'''

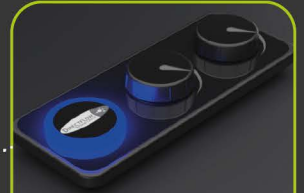
5 DIRECT FLOW™
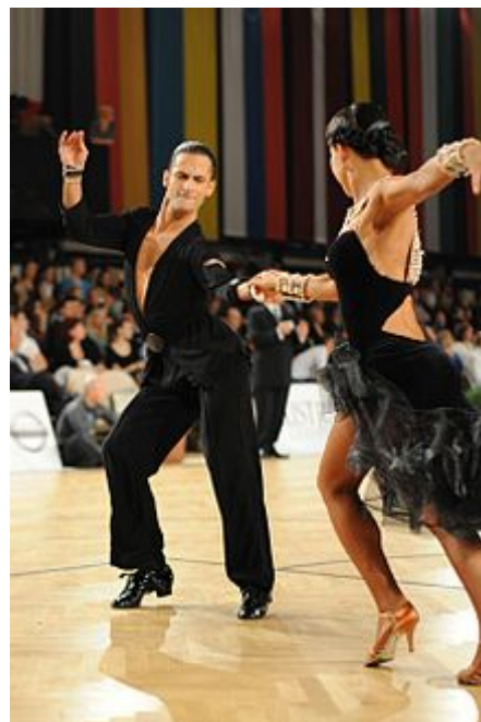
Campeonato Abierto de Austria Viena, 2012 Campeonato Mundial de Baile Deportivo de WDSF Latin 16.-18. Noviembre de 2012.

Después de la guerra, el boogie se convirtió en la forma dominante de la música popular. Sin embargo, nunca estuvo lejos de la crítica como una danza extranjera y vulgar. El famoso gurú de baile de salón, Alex Moore, dijo que «nunca había visto nada más feo». En 1968 fue adoptado como el quinto baile latino en competiciones internacionales. La forma moderna de baile de salón en la década de 1990 al presente, es una danza muy feliz y rápida, la elevación de las rodillas y la flexión o el balanceo de las caderas a menudo se produce.
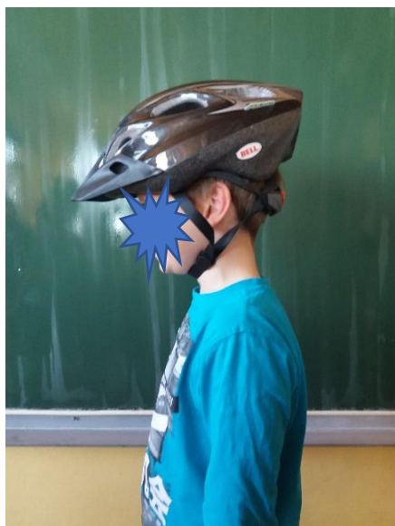
Čelada je preveč na čelu.
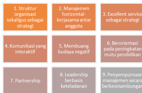
Gambar 2. Proses Terbentuknya Organizational Cultures di SMA TN

langkah terbentuknya budaya organisasi di SMA TN sebagaimana dicantumkan dalam gambar 2. adalah sebagai berikut:
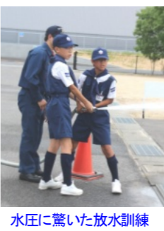
水田に驚いた放水訓練
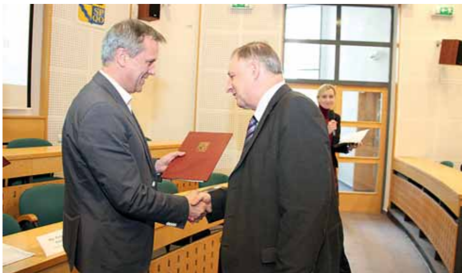
■ Smlouvy o podpoře si převzali osobně zástupci klubů a škol 6. února na krajském úřadě.

Zástupcům třech desítek sportovních organizací předal hejtman Jiří Rozbořil společně s náměstkem Radovanem Rašákem smlouvy o podpoře z krajského rozpočtu. Peníze budou sloužit jednak k podpoře činnosti špičkových klubů hrajících nejvyšší soutěže a zároveň jako finanční pomoc při pořádání významných akcí. Smlouvy o příspěvku z rozpočtu Olomouckého kraje v rámci přímé podpory si převzali také zástupci Moravské vysoké školy Olomouc, Vysoké školy logistiky v Přerově a Univerzity Palackého v Olomouci. Školy získají celkem 10 milionů korun, sportovní oddíly 27,7 milionu a na sportovní akce půjde podpora 13,7 milionu korun. »red

'''

- **Task to carry out**: The answer must consist of every line from the entries above that contains the string "zástupci".

- **Exercise answer**:
■ Smlouvy o podpoře si převzali osobně zástupci klubů a škol 6. února na krajském úřadě.
Zástupcům třech desítek sportovních organizací předal hejtman Jiří Rozbořil společně s náměstkem Radovanem Rašákem smlouvy o podpoře z krajského rozpočtu. Peníze budou sloužit jednak k podpoře činnosti špičkových klubů hrajících nejvyšší soutěže a zároveň jako finanční pomoc při pořádání významných akcí. Smlouvy o příspěvku z rozpočtu Olomouckého kraje v rámci přímé podpory si převzali také zástupci Moravské vysoké školy Olomouc, Vysoké školy logistiky v Přerově a Univerzity Palackého v Olomouci. Školy získají celkem 10 milionů korun, sportovní oddíly 27,7 milionu a na sportovní akce půjde podpora 13,7 milionu korun. »red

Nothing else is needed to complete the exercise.